Cardinals have the best player in baseball in Pujols, and Chris Carpenter -- two years removed from being arguably the NL's best pitcher -- has looked good this spring. Tough to count them out so easily.

And ease up on Mosvick. If you spent all that time working on law school cases and trial work you'd probably have a tough time keeping straight the logistics of the Brewers pitching staff as well.

Matt P said...

this may be off the subject, but i was just looking through the box score of todays game and happened to see this:

BASERUNNING
CS: Tolbert (1, home by Karstens/Jaramillo, J).

Does this mean he got thrown out trying to steal home? I like it.

Nick M. said...

Also, in fairness, I am pretty sure that the Brewers only quite recently put Villenuava in the bullpen. As for the Jeff Bush thing, I know it's Dave Bush, so it was a mistake yes but it clearly had a limited effect since you still knew who I was referring to.
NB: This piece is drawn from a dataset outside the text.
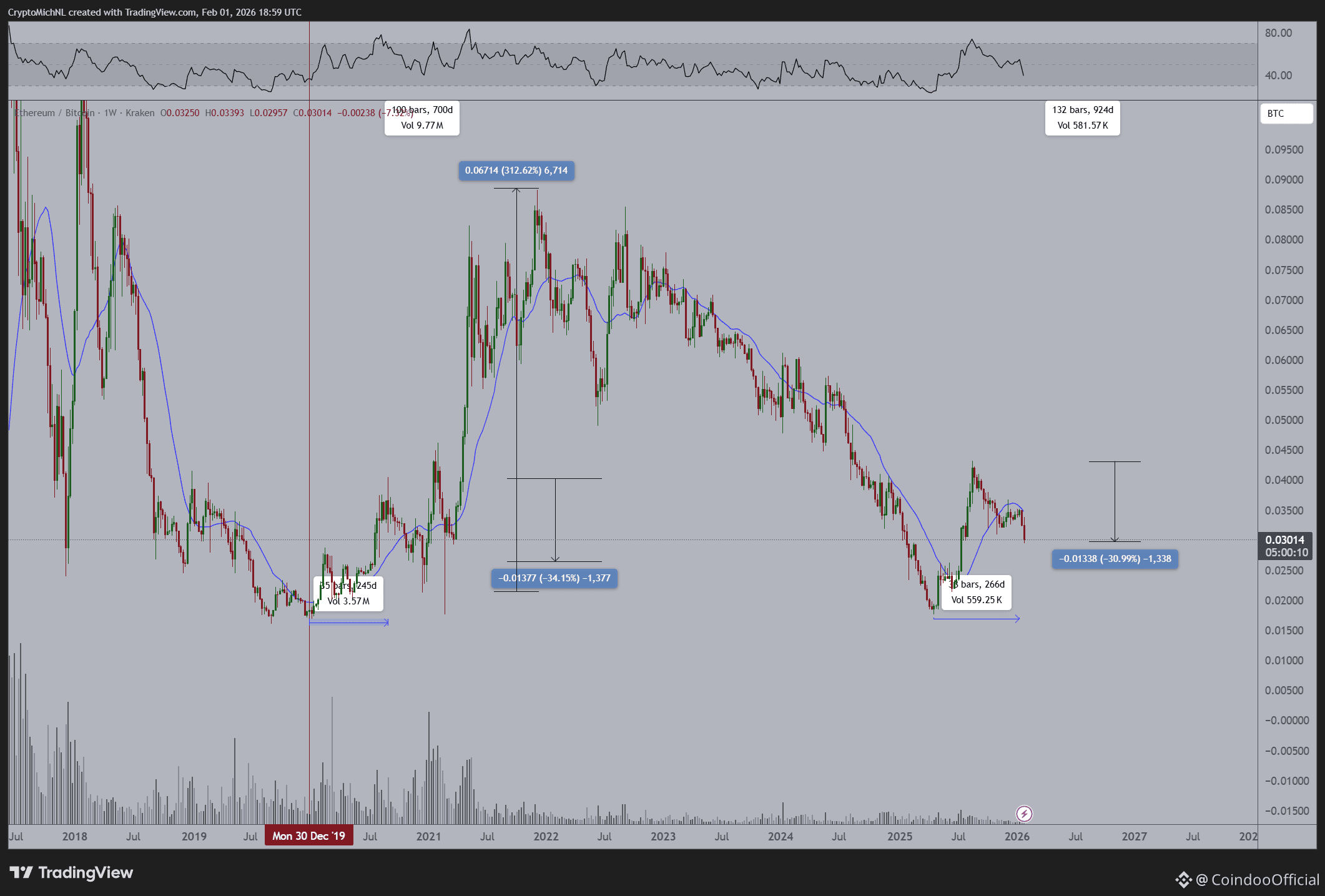 Van de Poppe notes that in the last comparable cycle, Ethereum eventually rallied more than 300% against Bitcoin after completing a deep correction phase. With ETH already down roughly 31% from recent highs and significantly below its all-time peak, he argues that much of the downside risk may already be priced in, assuming broader market conditions stabilize.

More importantly, how significant is it that I get the first name right of a mediocre pitcher in a weak rotation?

Anonymous said...

Nice analysis Nick. I disagree with your take on Burrell vs. Ibanez though. They have put up the same OPS numbers over the past 5-7 years, with Ibanez consistently better in the RBI deparment. Not to mention Ibanez has done it with inferior lineup protection & much tougher ballpark. I understand the Phils are getting pretty lefty heavy, but would not be surprised if Raul ends up in the top-10 of NL MVP voting by year's end.

James said...

WRONG!!!!: "Kouzmanoff should be a DH in the American League, and not just because he's a terrible fielder...."

I would recommend comparing fielding statistics between the gold glove winner and the person you plan to criticize as a terrible fielder BEFORE making such statements--- or are you saying the national league as a whole lacks sufficient fielding capabilities? If that is the case, maybe criticize each of them, start with the gold glove winner even!

Compare the stats below and see if you can guess who won the gold glove:

.................INN/ TC/ PO/ A/ E/ DP/ FPCT
Player #1: 1379.0/416/128/277/11/34/.974
Player #2: 1433.1/416/114/286/16/21/.962



Player #1- Exactly the same total chances, MORE putouts, LESS errors, MORE DPs, slightly less assists and a higher FPCT, all with 60 less innings (must have some good range to equal total chances with fewer innings played... or real crappy pitching, which means he was busy snagging rockets!) = KEVIN KOUZMANOFF

Player #2= David Wright, who was awarded the gold glove with CLEARLY inferior fielding statistics.

You CANNOT say Kouzmanoff is a terrible fielder based on these statistical facts. Are the Twins still trying to trade for Kouz? I know it was a rumor early this spring....

Greg said...

Nick's Cardinals pick is at worst reasonable. I don't care what Bush's first name is, unless it is Carsten. Or maybe Charles. And it's not. And that's why the Brewers aren't nearly as good as they were in the second half of last year.

The Baseball Bat said...

Chris Perez (RP for Cards) is starting in minors and Jason "The Stud" Motte is going to have the most save opportunities.

Nick N. said...

Fielding percentage and Gold Glove awards: the true barometers of a fielder's worth.

lookatthosetwins said...

Yeah James. We're trying to trade for Kouzmanoff. That makes sense given that we all ready signed Crede.